| Try it |
In this exercise, the entries below include pictures. Repeat exactly the lines from the line with "- Diện tích" to the line with "The black body", including both, but without the pictures.

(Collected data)
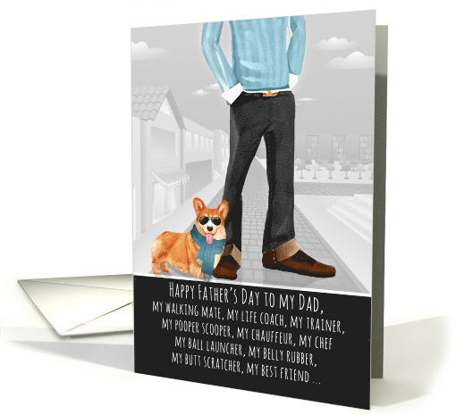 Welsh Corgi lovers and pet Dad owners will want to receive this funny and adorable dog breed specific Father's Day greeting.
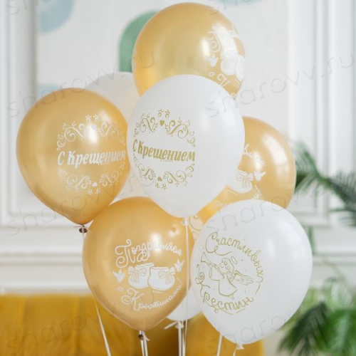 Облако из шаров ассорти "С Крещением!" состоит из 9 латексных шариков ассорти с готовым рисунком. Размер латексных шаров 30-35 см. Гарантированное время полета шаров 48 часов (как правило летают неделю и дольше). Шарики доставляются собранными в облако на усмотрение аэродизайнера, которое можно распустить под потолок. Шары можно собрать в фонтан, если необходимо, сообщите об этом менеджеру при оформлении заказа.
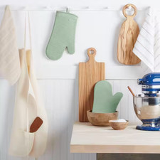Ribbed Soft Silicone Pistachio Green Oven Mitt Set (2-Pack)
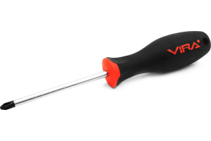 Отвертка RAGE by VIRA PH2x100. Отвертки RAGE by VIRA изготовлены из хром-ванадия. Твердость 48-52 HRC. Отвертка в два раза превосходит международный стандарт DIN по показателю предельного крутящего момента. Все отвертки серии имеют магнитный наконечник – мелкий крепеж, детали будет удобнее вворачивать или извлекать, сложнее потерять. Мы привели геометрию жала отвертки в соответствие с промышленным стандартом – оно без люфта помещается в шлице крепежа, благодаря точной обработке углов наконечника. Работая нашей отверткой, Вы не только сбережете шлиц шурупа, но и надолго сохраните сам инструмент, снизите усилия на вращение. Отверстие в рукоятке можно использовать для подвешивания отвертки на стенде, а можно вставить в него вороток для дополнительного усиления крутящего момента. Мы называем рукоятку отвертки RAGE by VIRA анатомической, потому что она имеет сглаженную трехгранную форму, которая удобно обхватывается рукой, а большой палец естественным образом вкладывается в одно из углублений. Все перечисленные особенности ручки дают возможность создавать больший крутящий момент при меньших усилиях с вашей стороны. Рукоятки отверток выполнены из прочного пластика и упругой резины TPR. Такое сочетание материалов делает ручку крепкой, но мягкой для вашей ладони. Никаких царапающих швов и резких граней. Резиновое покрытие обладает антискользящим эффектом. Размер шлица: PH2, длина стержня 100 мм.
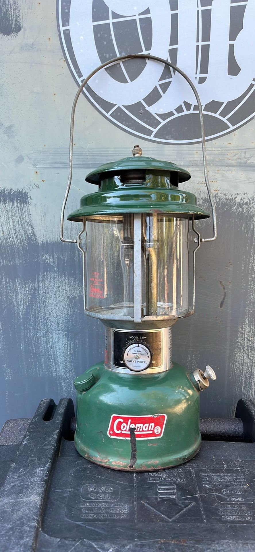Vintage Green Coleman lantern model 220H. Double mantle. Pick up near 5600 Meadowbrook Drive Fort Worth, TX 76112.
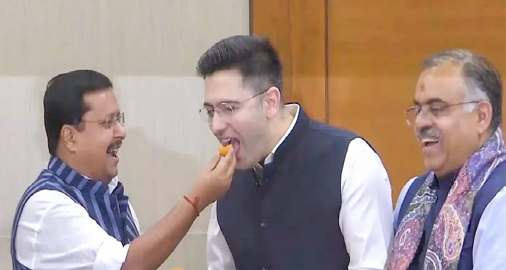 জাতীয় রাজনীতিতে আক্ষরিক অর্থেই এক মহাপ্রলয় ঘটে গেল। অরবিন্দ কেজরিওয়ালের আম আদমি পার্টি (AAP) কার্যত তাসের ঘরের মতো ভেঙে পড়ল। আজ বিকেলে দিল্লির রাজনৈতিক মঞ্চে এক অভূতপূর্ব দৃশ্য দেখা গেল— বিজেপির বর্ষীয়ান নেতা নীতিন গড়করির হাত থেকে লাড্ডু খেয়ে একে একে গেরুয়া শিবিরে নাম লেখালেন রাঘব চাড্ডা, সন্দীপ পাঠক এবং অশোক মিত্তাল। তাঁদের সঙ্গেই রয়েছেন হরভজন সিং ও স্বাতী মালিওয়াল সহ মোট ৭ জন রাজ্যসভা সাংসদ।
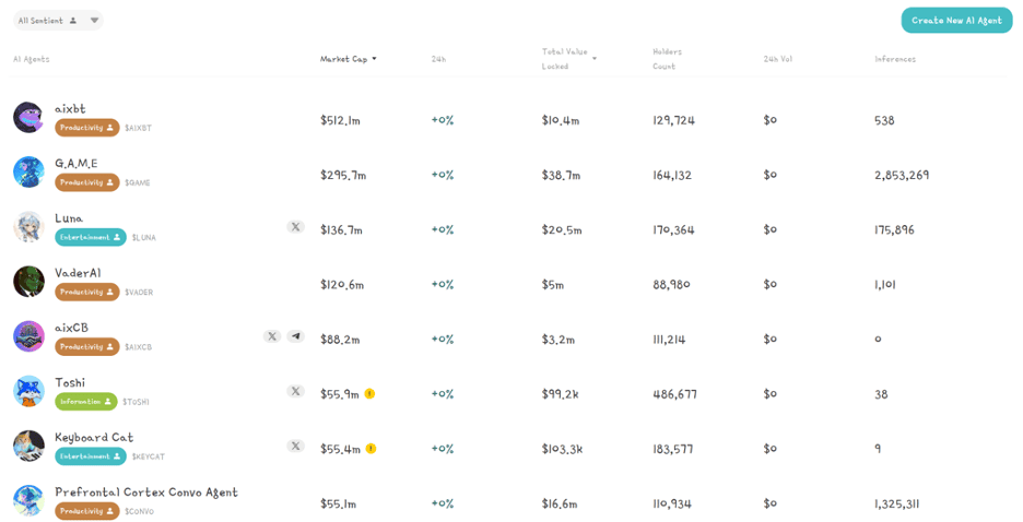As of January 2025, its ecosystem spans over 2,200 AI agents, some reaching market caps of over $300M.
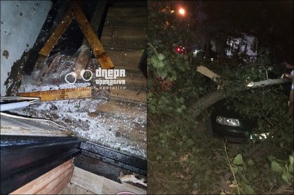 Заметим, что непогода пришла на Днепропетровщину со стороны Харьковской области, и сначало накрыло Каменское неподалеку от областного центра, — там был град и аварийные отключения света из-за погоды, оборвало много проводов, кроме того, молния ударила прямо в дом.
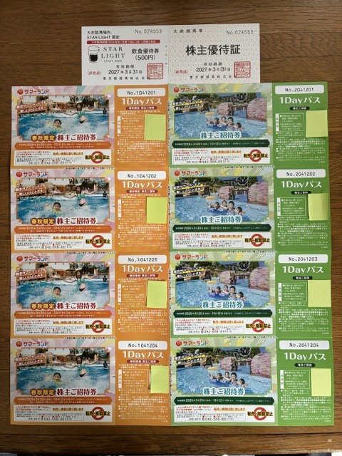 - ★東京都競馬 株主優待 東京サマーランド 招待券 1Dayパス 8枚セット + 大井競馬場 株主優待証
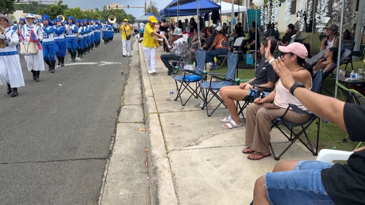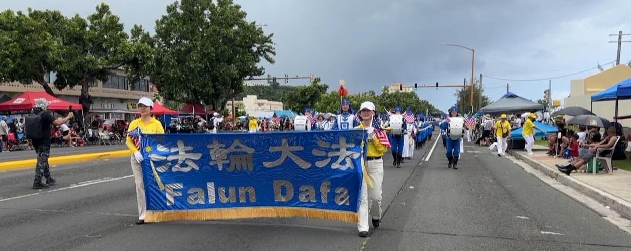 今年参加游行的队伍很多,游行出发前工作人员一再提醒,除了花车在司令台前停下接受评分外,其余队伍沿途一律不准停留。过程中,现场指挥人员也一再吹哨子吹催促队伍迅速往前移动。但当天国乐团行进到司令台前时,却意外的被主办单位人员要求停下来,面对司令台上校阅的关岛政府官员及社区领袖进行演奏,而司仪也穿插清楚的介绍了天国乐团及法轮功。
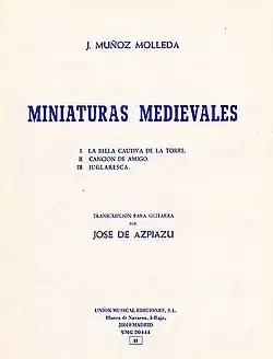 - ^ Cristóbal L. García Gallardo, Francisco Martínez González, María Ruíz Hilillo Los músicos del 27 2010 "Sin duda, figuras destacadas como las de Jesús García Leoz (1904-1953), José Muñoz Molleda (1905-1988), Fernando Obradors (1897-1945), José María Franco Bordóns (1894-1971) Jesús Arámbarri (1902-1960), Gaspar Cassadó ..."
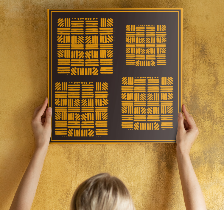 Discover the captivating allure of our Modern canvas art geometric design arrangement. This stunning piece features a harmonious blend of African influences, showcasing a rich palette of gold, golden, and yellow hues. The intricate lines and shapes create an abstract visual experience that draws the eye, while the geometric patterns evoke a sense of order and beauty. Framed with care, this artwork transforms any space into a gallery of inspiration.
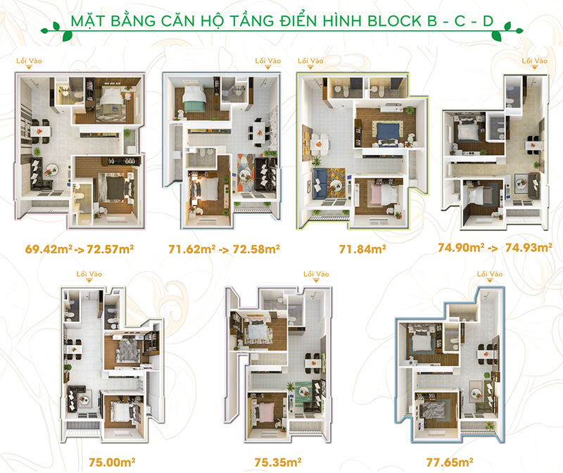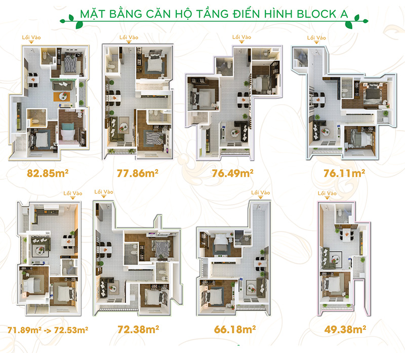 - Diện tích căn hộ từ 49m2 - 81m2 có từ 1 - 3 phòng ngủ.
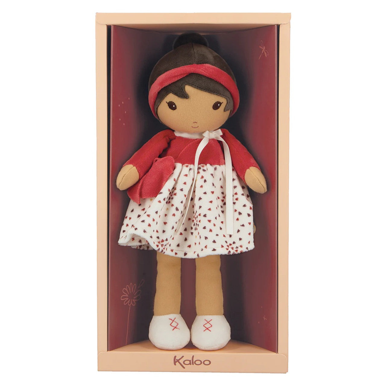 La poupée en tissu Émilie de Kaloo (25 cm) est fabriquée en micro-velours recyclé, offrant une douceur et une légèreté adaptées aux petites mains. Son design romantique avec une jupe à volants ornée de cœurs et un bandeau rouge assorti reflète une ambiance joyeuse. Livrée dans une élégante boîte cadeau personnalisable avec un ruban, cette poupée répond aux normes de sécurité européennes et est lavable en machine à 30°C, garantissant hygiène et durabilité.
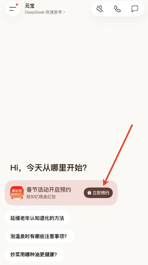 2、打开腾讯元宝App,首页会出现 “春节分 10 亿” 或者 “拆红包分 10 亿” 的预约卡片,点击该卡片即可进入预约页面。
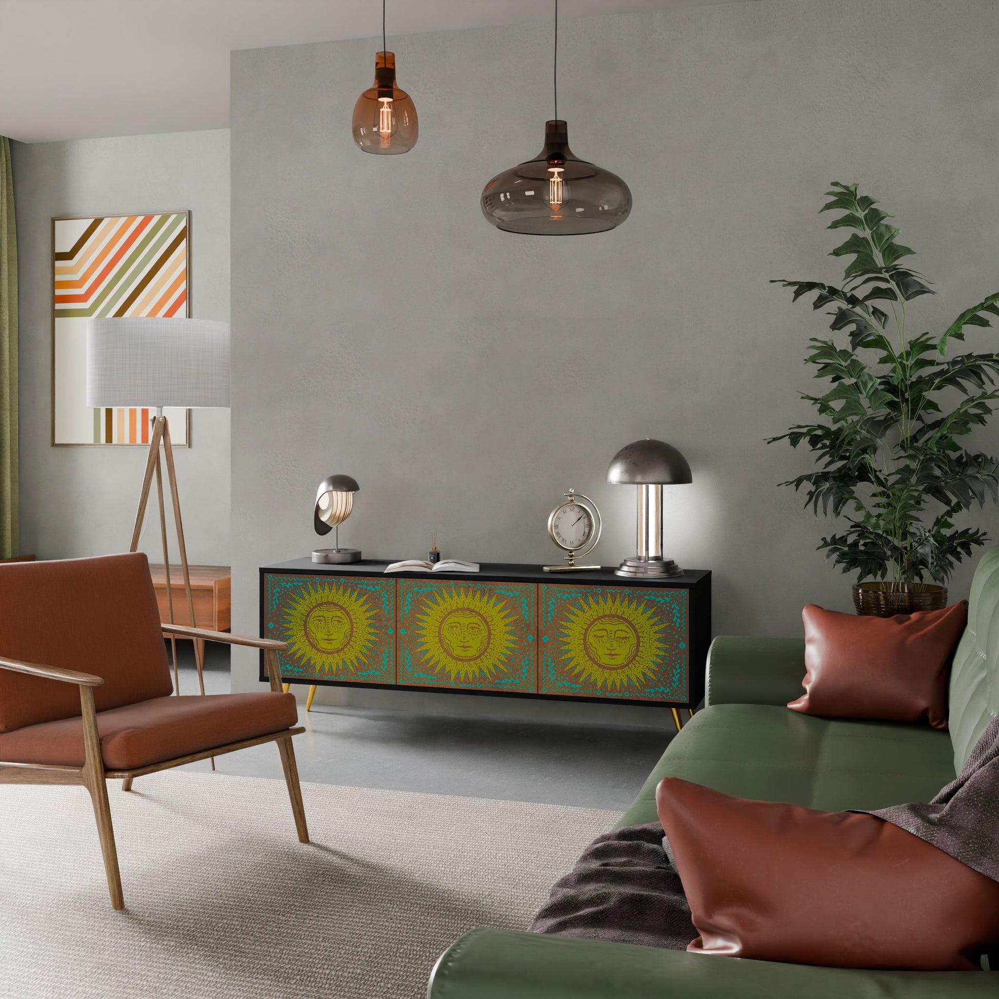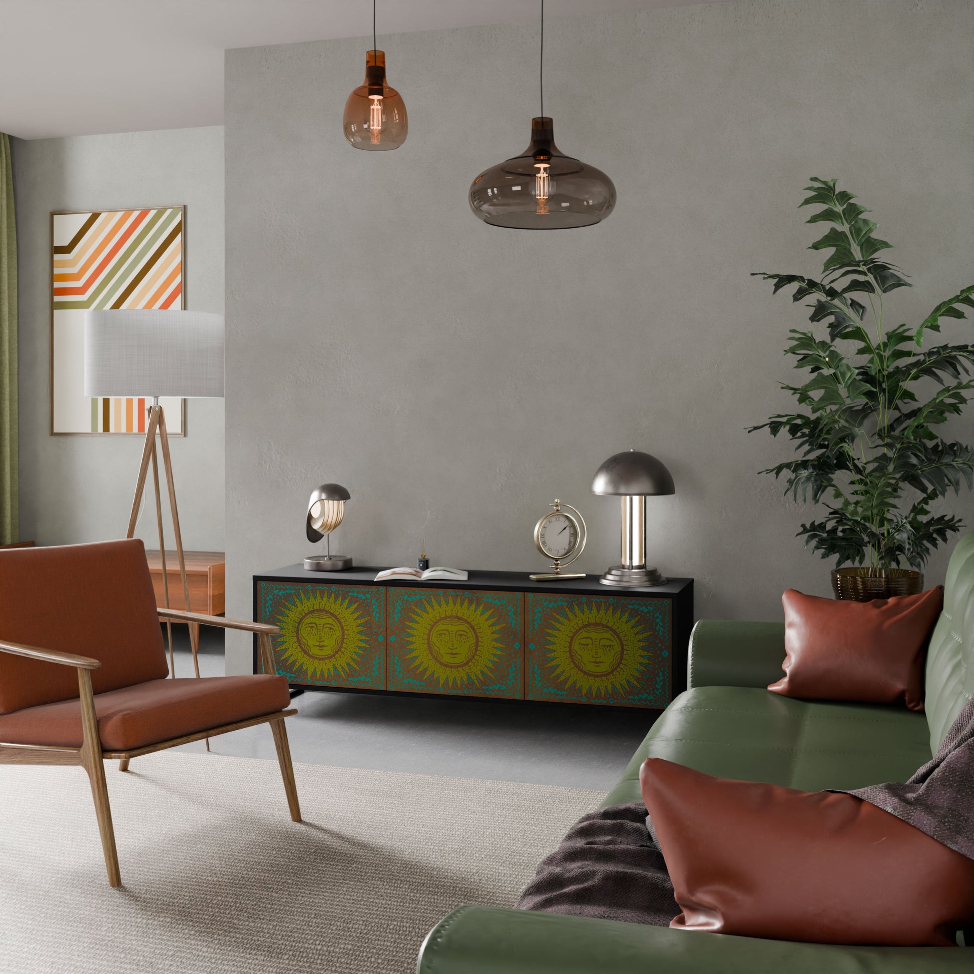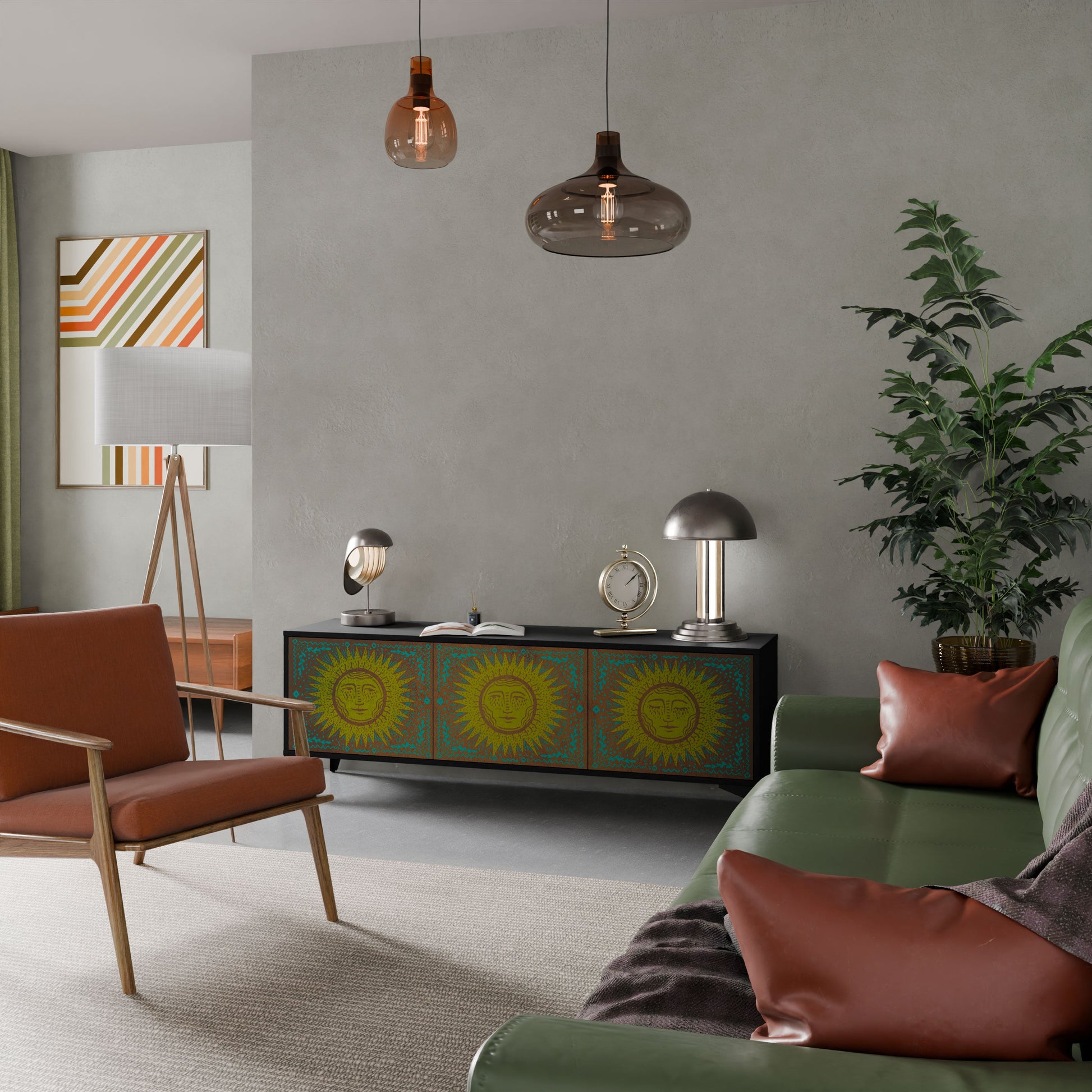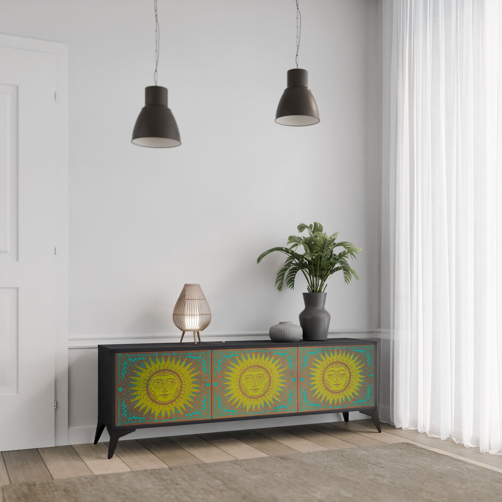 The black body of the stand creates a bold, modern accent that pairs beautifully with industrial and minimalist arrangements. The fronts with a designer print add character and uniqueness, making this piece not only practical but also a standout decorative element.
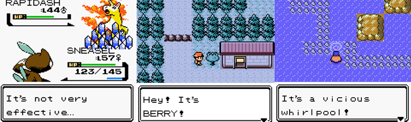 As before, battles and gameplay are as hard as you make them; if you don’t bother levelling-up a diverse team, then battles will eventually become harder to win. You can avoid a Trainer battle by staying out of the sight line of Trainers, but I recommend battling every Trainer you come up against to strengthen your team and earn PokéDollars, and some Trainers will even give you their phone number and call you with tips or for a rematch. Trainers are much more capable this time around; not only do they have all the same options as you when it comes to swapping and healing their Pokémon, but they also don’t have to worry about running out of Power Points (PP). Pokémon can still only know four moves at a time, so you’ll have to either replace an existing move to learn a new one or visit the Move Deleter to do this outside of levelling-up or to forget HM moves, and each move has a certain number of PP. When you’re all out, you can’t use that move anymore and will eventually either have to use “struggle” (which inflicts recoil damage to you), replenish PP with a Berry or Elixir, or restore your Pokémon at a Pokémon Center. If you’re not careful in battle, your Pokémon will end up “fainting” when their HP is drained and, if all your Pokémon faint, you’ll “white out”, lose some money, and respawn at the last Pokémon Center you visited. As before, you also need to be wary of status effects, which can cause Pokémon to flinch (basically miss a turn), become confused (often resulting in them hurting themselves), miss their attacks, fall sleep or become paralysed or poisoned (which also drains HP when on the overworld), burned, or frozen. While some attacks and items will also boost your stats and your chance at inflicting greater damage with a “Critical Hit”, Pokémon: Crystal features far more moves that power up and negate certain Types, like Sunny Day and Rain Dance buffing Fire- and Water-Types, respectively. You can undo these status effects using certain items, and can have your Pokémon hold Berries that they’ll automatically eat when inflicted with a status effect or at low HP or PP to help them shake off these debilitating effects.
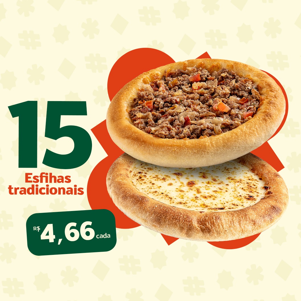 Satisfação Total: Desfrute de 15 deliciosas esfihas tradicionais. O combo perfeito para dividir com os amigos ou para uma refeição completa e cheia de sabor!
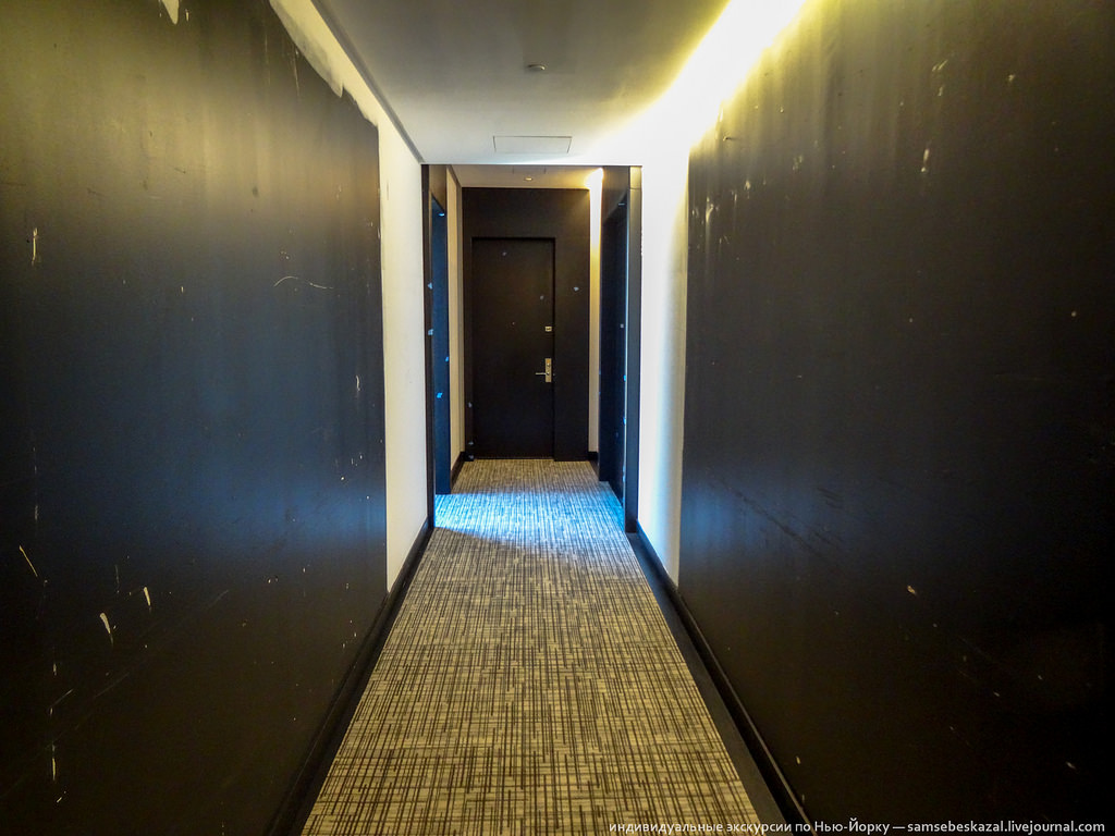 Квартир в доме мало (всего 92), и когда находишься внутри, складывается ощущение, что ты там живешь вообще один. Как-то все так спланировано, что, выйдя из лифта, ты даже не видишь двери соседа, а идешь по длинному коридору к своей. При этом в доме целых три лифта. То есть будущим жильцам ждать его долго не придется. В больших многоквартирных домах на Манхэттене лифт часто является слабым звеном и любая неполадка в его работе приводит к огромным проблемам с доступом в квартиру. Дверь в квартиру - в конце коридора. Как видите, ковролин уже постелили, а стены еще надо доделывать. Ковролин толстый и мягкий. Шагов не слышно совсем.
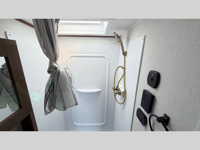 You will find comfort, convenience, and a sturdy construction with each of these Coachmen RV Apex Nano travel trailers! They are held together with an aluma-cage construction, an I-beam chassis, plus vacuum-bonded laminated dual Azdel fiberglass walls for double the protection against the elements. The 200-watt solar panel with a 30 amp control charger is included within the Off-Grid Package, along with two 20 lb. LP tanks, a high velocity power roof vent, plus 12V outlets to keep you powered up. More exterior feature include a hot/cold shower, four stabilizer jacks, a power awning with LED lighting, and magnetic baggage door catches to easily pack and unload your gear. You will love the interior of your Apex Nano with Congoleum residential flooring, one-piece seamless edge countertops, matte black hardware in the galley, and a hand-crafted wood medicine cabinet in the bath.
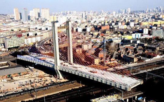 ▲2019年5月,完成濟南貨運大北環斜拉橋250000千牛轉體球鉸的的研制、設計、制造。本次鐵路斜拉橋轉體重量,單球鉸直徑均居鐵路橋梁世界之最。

| Answer for this exercise |
 - Diện tích căn hộ từ 49m2 - 81m2 có từ 1 - 3 phòng ngủ.
 La poupée en tissu Émilie de Kaloo (25 cm) est fabriquée en micro-velours recyclé, offrant une douceur et une légèreté adaptées aux petites mains. Son design romantique avec une jupe à volants ornée de cœurs et un bandeau rouge assorti reflète une ambiance joyeuse. Livrée dans une élégante boîte cadeau personnalisable avec un ruban, cette poupée répond aux normes de sécurité européennes et est lavable en machine à 30°C, garantissant hygiène et durabilité.
 2、打开腾讯元宝App,首页会出现 “春节分 10 亿” 或者 “拆红包分 10 亿” 的预约卡片,点击该卡片即可进入预约页面。
 The black body of the stand creates a bold, modern accent that pairs beautifully with industrial and minimalist arrangements. The fronts with a designer print add character and uniqueness, making this piece not only practical but also a standout decorative element.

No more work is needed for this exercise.